Не вполне сознавая, что делает, он взял тарелку, ложку и ломоть хлеба и отнес все это к себе в кабинет. Здесь было его мирное пристанище, здесь воздух был чист, а пыль вытерта. Он, по правде говоря, немного стыдился своего бегства, но в то же время не мог не сознаться, что еда давно уже не казалась ему столь вкусной.

Когда он вскоре вернулся в кухню с тарелкой, здесь царила гробовая тишина. Мастер ел молча, нахмурив брови, жена и вся орава ребятишек сидели, опустив глаза, будто им было за него стыдно.

В этот день ему было как-то неуютно дома, минуту спустя он надел шляпу и вышел. Он бесцельно брел по проселочной дороге, не зная, где найти прибежище. К фру Сундлер он пойти не мог, так как органист страдал ревматизмом и жена его ухаживала за ним столь заботливо и нежно, что день и ночь не покидала комнаты больного. Пойти потолковать с пасторшей он тоже не мог: Шарлотта не желала, чтобы пасторша, ее старый друг, сидела бы одна со своими вдовьими горестями, и пригласила ее в Озерную Дачу на всю зиму.

Во всяком случае, когда он сейчас проходил мимо пасторской усадьбы, его охватила непонятная тоска по этому старому, прекрасному дому, возле которого он сейчас стоял.

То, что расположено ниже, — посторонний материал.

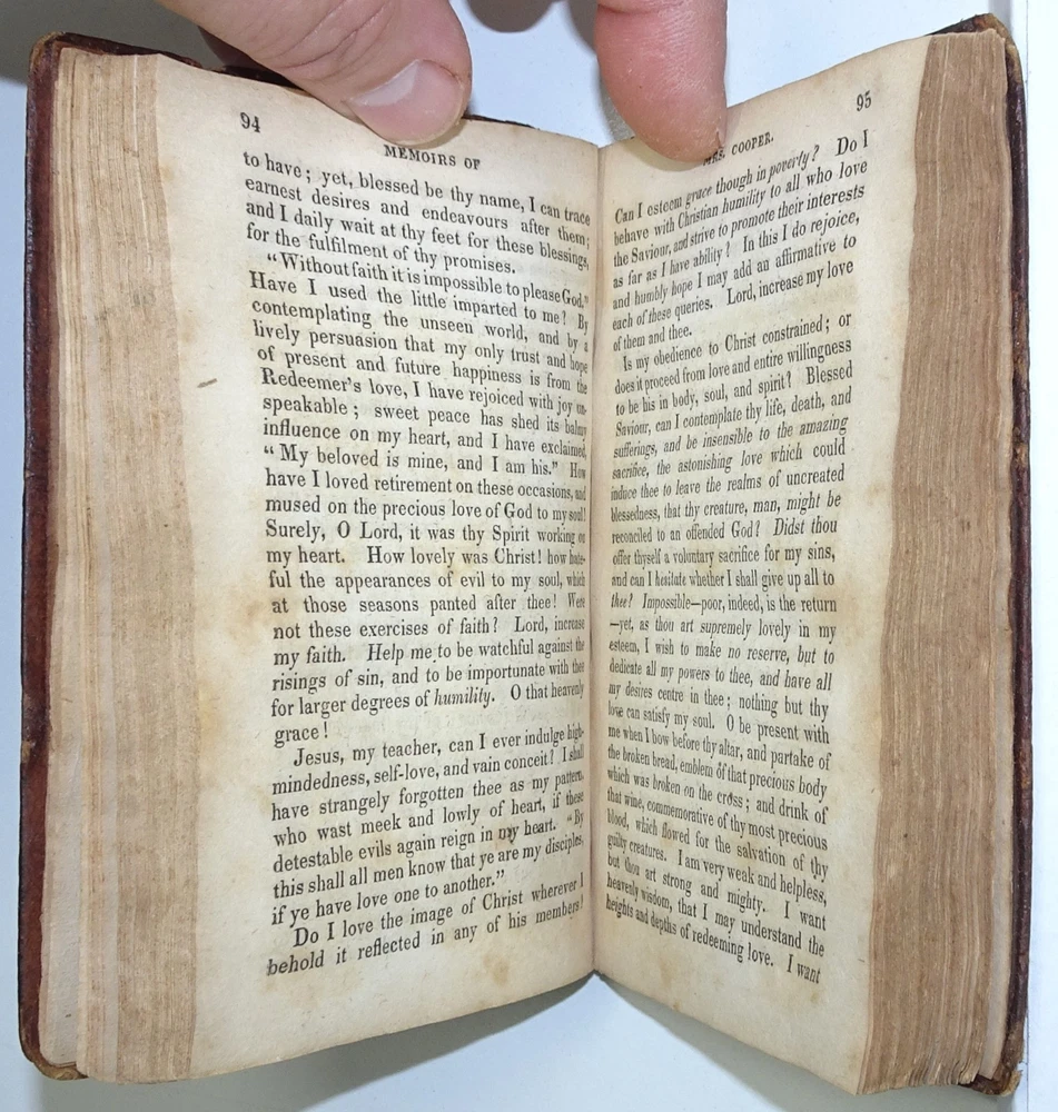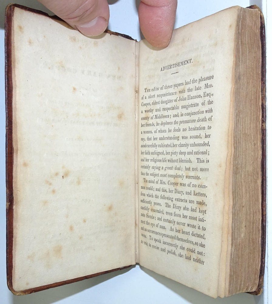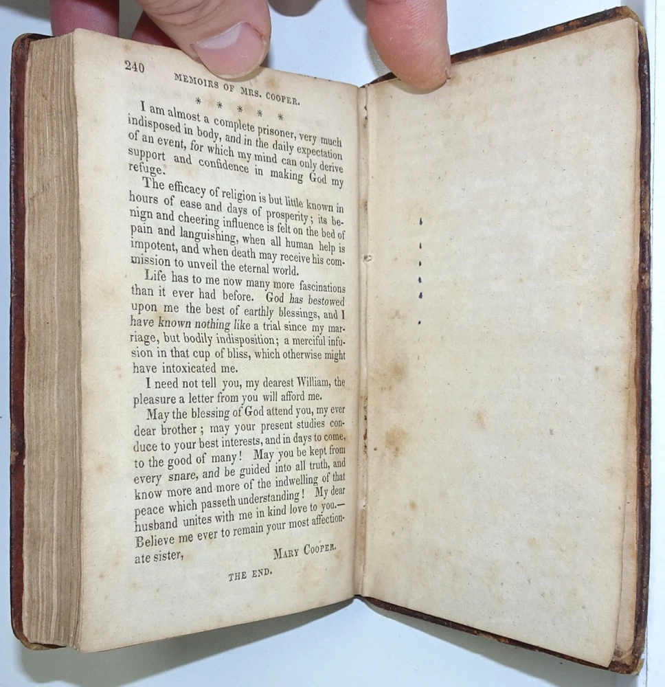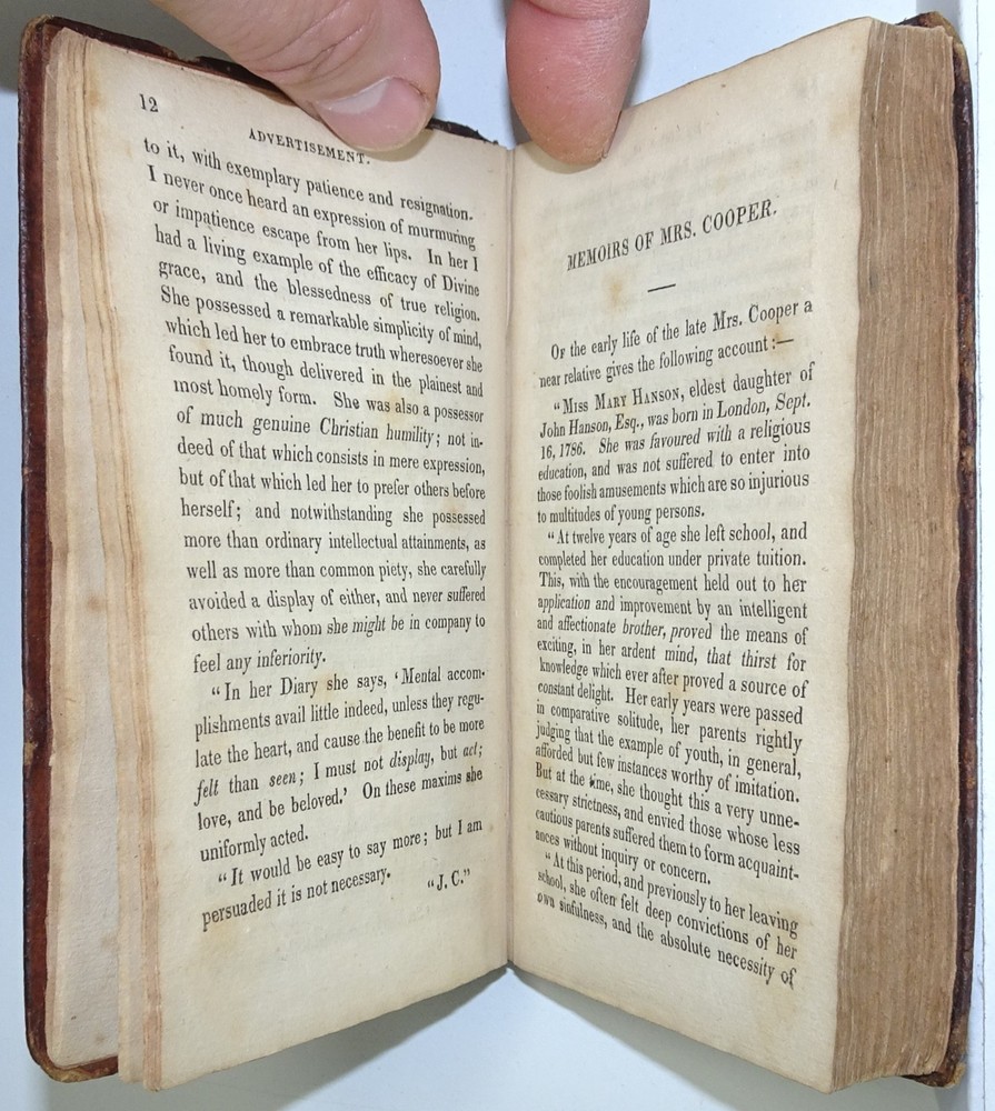 DETAILS: Title: Memoirs of Mrs. Mary Cooper, of London, Who Departed This Life, June 22, 1812, in The Twenty-Sixth Year of Her Age; Extracted From Her Diary And Epistolary Correspondence. Date Published: 1832 . Place Published: New York . Published By: B. Waugh and T. Mason . Size: Approx 5 1/4" x 3 1/2" x 5/8". CONDITION: Overall: Good. Publisher's original hardcover boards. Neatly rebacked! Pages: Good with some (mostly) light foxing / soiling, (please see pictures) . Binding: Very good, still sound . Hinges: Excellent / replaced . Hardcovers: Good to very good with some wear, (please see pictures) . Spine: Excellent / replaced . WHY SHOULD YOU BUY FROM US? 1. Honest descriptions. 2. Efficient communication. 3. Sympathetic and patient packaging, using appropriate materials. 4. Fast order dispatch, usually within one business day. 5. A sincere commitment to 100% customer satisfaction. IF FOR ANY REASON YOU HAVE A CONCERN WITH OUR PRODUCT OR SERVICE, PLEASE CONTACT US SO WE CAN MAKE IT RIGHT! THANK YOU FOR YOUR INTEREST!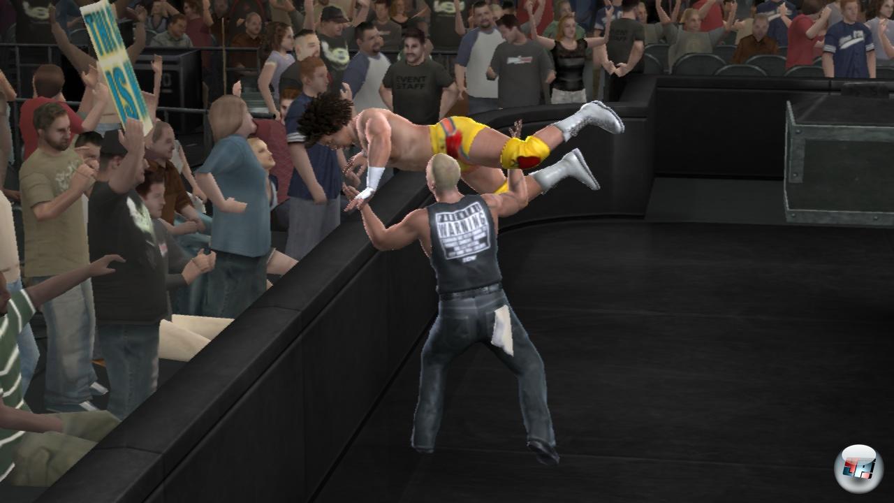 Die Kulisse hingegen hatte den Schritt in Richtung aktueller Konsolen-Generation nur eingeschränkt vollzogen. Die Wrestler sahen im Allgemeinen zwar besser aus als je zuvor. Doch letztlich wirkte alles „nur“ wie eine hoch aufgelöste Version der PS2-Engine. Vor allem die seinerzeit immer noch stocksteifen Haare und scheinbar nicht aus der Engine herauszukriegenden Clipping-Fehler bei Ringseilen usw. machten deutlich, dass der Grafikmotor auch in der vermeintlich „nächsten Generation“ weiterhin mit bekannten Problemen zu kämpfen hatte.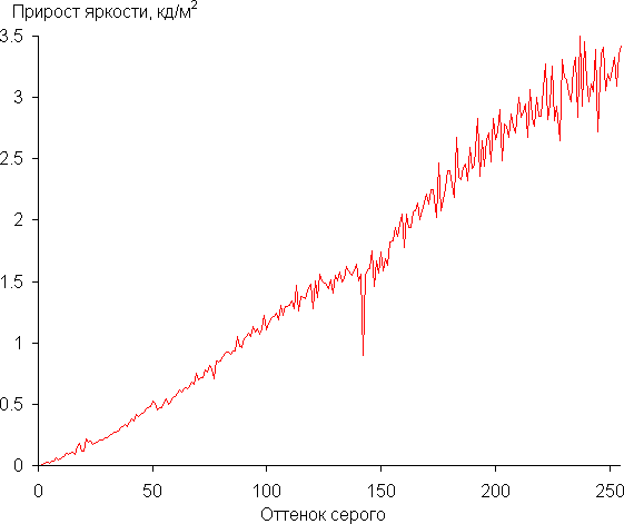 Видно, что на максимальной и средней яркости скважность модуляции низкая, в итоге видимого мерцания нет. Однако при сильном понижении яркости появляется модуляция с высокой скважностью, ее наличие уже можно увидеть в тесте на присутствие стробоскопического эффекта или на некоторых изображениях просто при быстром движении глаз. В зависимости от индивидуальной чувствительности такое мерцание может вызывать повышенную утомляемость. Впрочем, фаза модуляции различается по зонам, поэтому негативный эффект от мерцания снижен, к тому же в большинстве случаев ноутбук можно эксплуатировать с достаточно высоким уровнем яркости, когда мерцания еще нет.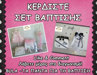 Η εταιρία BULA, διοργανώνει διαγωνισμό και σας δίνει την ευκαιρία να κερδίστε ένα σετ βάπτισης, τ’ οποίο αποτελείται από ξύλινο κουτί βάπτισης, λαμπάδα βάπτισης, μαρτυρικά 1 σετ(50 τεμάχια), μπουκαλάκι , σαπουνάκι και 3 κεράκια κολυμπήθρας, για αγοράκι ή κοριτσάκι!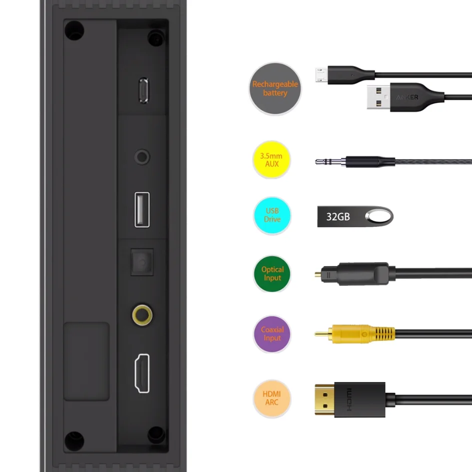 Coaxial interface,HDMI,3.5mm Aux, USB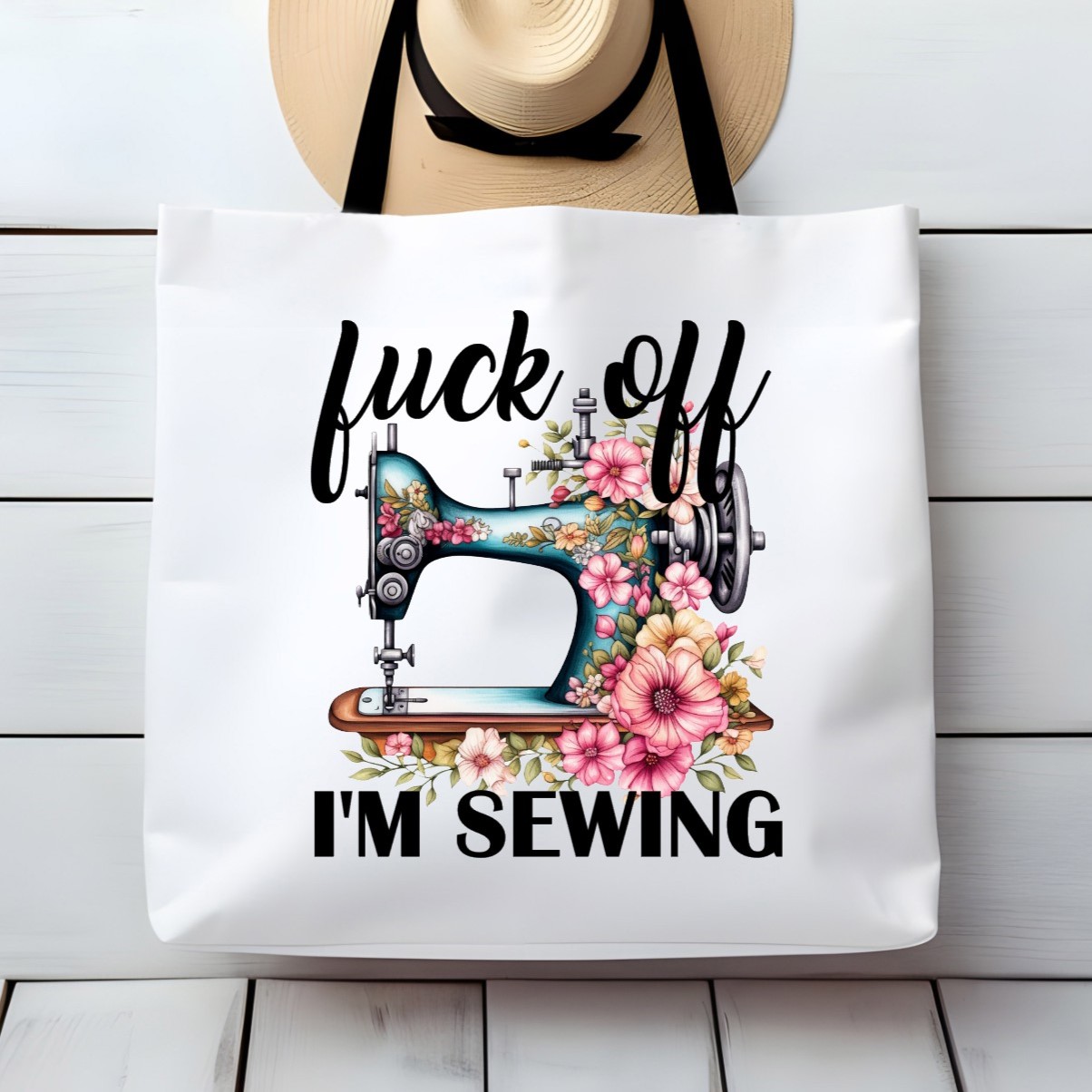 Fuck Off I'm Sewing Sarcastic Funny Large Tote Bag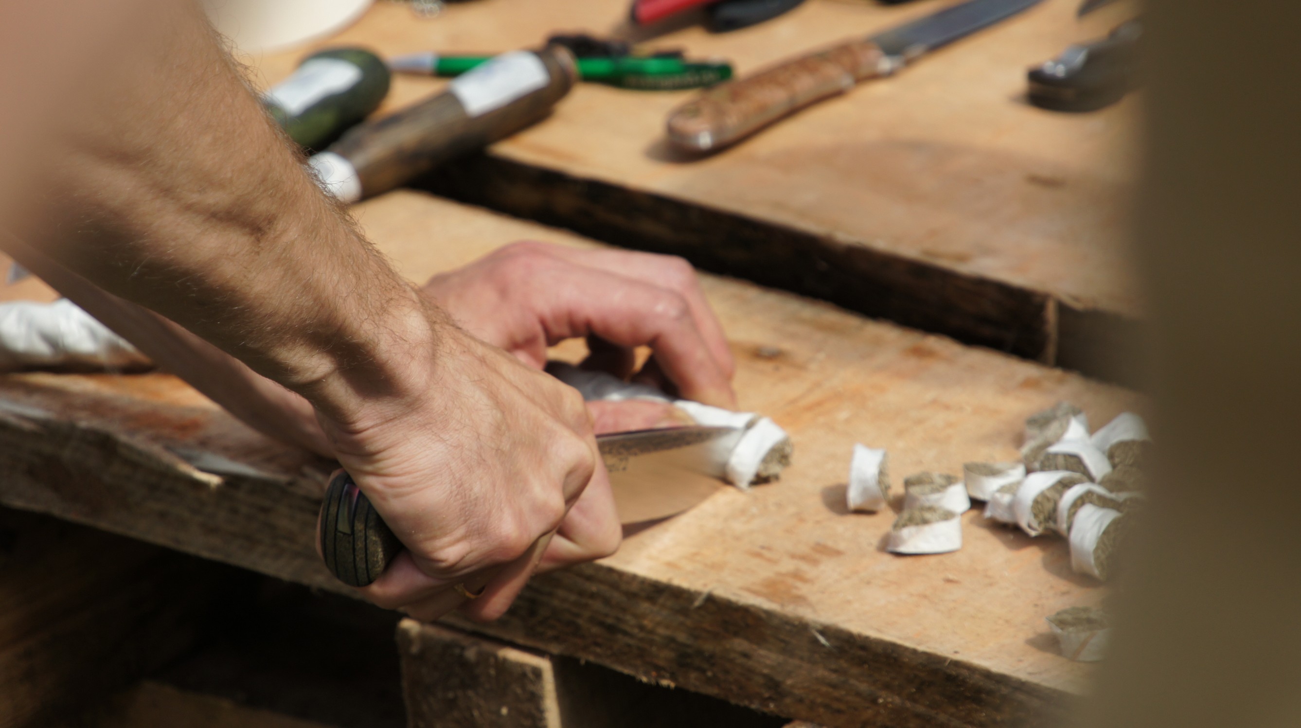 Кстати, помогите понять, по образу и подобию других тестов. После резки каната и перед строганием деревяхи правятся ли РК на ножах? Как это принято?

Он отворил калитку и пошел через двор к саду.

Неудивительно, что когда он бродил меж высоких подстриженных шпалер, ему снова вспомнилось, как он в последний раз гулял здесь с Шарлоттой. Он вспомнил, как они поссорились и как он заявил ей, что женится лишь на той, кого сам господь бог предназначит ему в жены.

И теперь он был женат на женщине, которую провидение послало ему навстречу на проселочной дороге, и он был уверен в том, что она именно та, которая нужна ему, что они вдвоем сумеют создать новый рай на земле. И неужели этому не суждено сбыться лишь из-за того, что у них на шее орава детей? Он не мог отрицать, что Шарлотта будет права, когда станет высмеивать его за то, что все его великие планы рухнули лишь из-за того, что он не сумел управиться с десятком ребятишек.

Было время обеда, когда он вернулся домой, но не успел он войти в кухню, как жена принесла ему еду на чистом подносе. Она была, как всегда, весела и приветлива.

— Знаешь, муженек, я думала, ты хочешь есть со всеми нами. А кабы ты раньше сказал, что не хочешь, я бы всегда приносила тебе еду сюда.

Он поспешил ответить, что вовсе не против того, чтоб есть с женой и детьми. Это черные от вара пальцы сапожника отпугнули его. Потом он предложил ей разделить с ним трапезу. Как славно было бы, если б они хоть раз отобедали вдвоем.

Нет, этого она сделать не может. Ей надобно сидеть за столом с ребятишками и следить за порядком. Однако она охотно посидит с ним, покуда он ест.

Она уселась в кресло у письменного стола и принялась рассказывать. Тут он узнал, что мастер останется у них только до вечера, так как он подрядился на работу в другом месте до самого Нового года. Ребятишкам не придется идти к рождественской заутрене в новых башмаках, как она им обещала.

Карл-Артур понял, что мастер уходит из-за того, что обиделся на него. Но чем он мог теперь помочь делу?

В этот миг ему представилось лицо Шарлотты: она смеялась над ним за то, что он не мог справиться с такою безделицей.

Жена унесла поднос, а он сидел задумавшись. Но вскоре он догадался, что нужно делать. Он взял сапоги, на которые надо было поставить набойки, вышел в кухню и уселся подле сапожного верстака. Он сказал, что хочет сам починить их, и попросил мастера научить его. Мастер не стал отказываться, и Карл-Артур надел большой передник жены и просидел весь вечер допоздна, обучаясь сапожному мастерству.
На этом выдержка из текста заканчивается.